The Heavenly Idol () is an ongoing South Korean television series starring Kim Min-kyu, Go Bo-gyeol, and Lee Jang-woo. Based on the web novel of the same name by Shin Hwa-jin, it premiered on tvN on February 15, 2023, and airs every Wednesday and Thursday at 22:30 (KST). It is also available for streaming on Viki and Viu in selected regions.

Synopsis
In the supernatural Other World, the Pontifex Rembrary and his troops battle against dark forces in a campaign to thwart the Evil One's return to power after a hundred years. Just as he takes the upper hand in a tough duel against the Evil One, an inexplicable force foils Rembrary's victory and transports him to the present world. He finds himself in the body of a K-pop idol named Woo Yeon-woo, a member of the boy group Wild Animal. The true Yeon-woo has been transported to the Other World in Rembrary's body. Naive of the workings of the present world, Rembrary struggles to live as a K-pop idol while finding a way to return to the Other World in order to restore himself and Yeon-woo to their original bodies and save the two worlds from the Evil One.

Cast

Main
 Kim Min-kyu as Rembrary / Woo Yeon-woo
 Rembrary: a Pontifex (Daesin-gwan) from the Other World who is suddenly transported to the present world, waking up in the body of the K-pop idol Woo Yeon-woo. The 23rd Pontifex serving the deity Redrin, Rembrary is known for his dashing looks, strong morality and his compassion for the people of the Other World. He posseses divine powers that he uses in fighting against dark forces. While battling against the Evil One, he is inexplicably transported to the present world and finds himself in Yeon-woo's body. He then struggles to live as a K-pop idol while finding a way to return to the Other World and save the people from the Evil One's potential return to power.
 Woo Yeon-woo: the main rapper and sub-vocalist of the K-pop boy group Wild Animal under LLL Entertainment. After originally auditioning as an aspiring actor, Yeon-woo debuted five years ago as a K-pop idol at the recommendation of the CEO who admired his handsome looks. Whilst being an idol, he did not give up on his dream to become an actor. Minutes before a live music show broadcast, he is suddenly transported to the Other World and finds himself in Rembrary's body.
 Go Bo-gyeol as Kim Dal
Wild Animal's new manager and a big fan of Woo Yeon-woo. Dal is a former girl group manager who slumped into depression after one of the group's members committed suicide. Finding new hope from fangirling for Woo Yeon-woo, she ultimately decides to apply as Wild Animal's new manager and help them attain stardom. Unbelieving at first, she later becomes one of the very few people aware of Rembrary's true identity.
 Lee Jang-woo as the Evil One (Mawang) / Shin Jo-woon
The King of Evil of the Other World and Redrin's archenemy. After a hundred years of dormancy, the Evil One threatens to regain supreme power over the Other World. He pursues Rembrary across dimensions and manifests himself in the present world as Shin Jo-woon, the vice chairman of RU E&M, an entertainment company. He uses his black magic to trigger or aggravate his victim's inner evils and darkness to turn them into his minions against their will.

Supporting

People in the LLL Entertainment
 Ye Ji-won as Im Sun-ja
CEO of LLL Entertainment which is the agency of the group Wild Animal.
 Hong Seung-beom as Choi Jeong-seo
The leader and sub-rapper of Wild Animal.
 Shin Myung-seung as Hwang Tae-in
The main vocalist of Wild Animal.
 Choi Jae-hyun as Kasy
The lead vocalist of Wild Animal.
 Shin Kyu-hyeon as Cha Hae-gyeol
The youngest member and main dancer of Wild Animal.

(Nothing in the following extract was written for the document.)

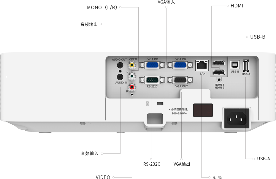 100英寸畫面,大變焦比鏡頭有助于擴大安裝范圍,可更好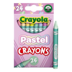 The Crayola Pastel Crayons give artists soft pastel colors that brighten any creative activity! These crayons are a great addition to any coloring collection and feature a uniquely styled hue assortment that makes them perfect for playful coloring projects. Each crayon is double-wrapped to provide extra strength and durability and lays down smooth, consistent color. This pack contains 24 crayons in an assortment of colors.Features

People in the Entertainment Industry
 Tak Jae-hoon as Sun Woo-sil
A senior artist who hates Woo Yeon-woo.
 Lee Dal as Kim Moo-rok
An entertainment PD who is called the god of survival entertainment.
 Oh Jin-seok as Oh Jung-shin
The youngest member of the boy group AX.
 Kim Seo-ha as Maeng Woo-shin
A famous actor who is a member of a secretive all-celebrity religious cult called Hongwoodaedae.

Members of Evil Boys 
Evil Boys is a K-pop boy group whose members turned into malevolent yogoe (goblin). Once a struggling group like Wild Animals, the band unknowingly bargained their souls with Hongwoodaedae's leader in return for their success and popularity, but the deal caused their gradual transformation into yogoe.
 Jung Su-hyeon as Raken
The leader of the boy group Evil Boys and a fully transformed yogoe.
 Wonjun as Typhon
The youngest member of Evil Boys. Gradually transforming into a yogoe, Typhon has become terrified of what the group has become.
 Lee Woo-tae as Vasily
The main dancer of the Evil Boys.

Beings in the Afterlife
 Jang Young-nam as Yeomra
The present world's deity of the afterlife who rules and oversees the fate of humans.
 Park Sang-nam as Sa Gam-jae / Grim Reaper
Wild Animal's new road manager who is a grim reaper to watch over Woo Yeon-woo.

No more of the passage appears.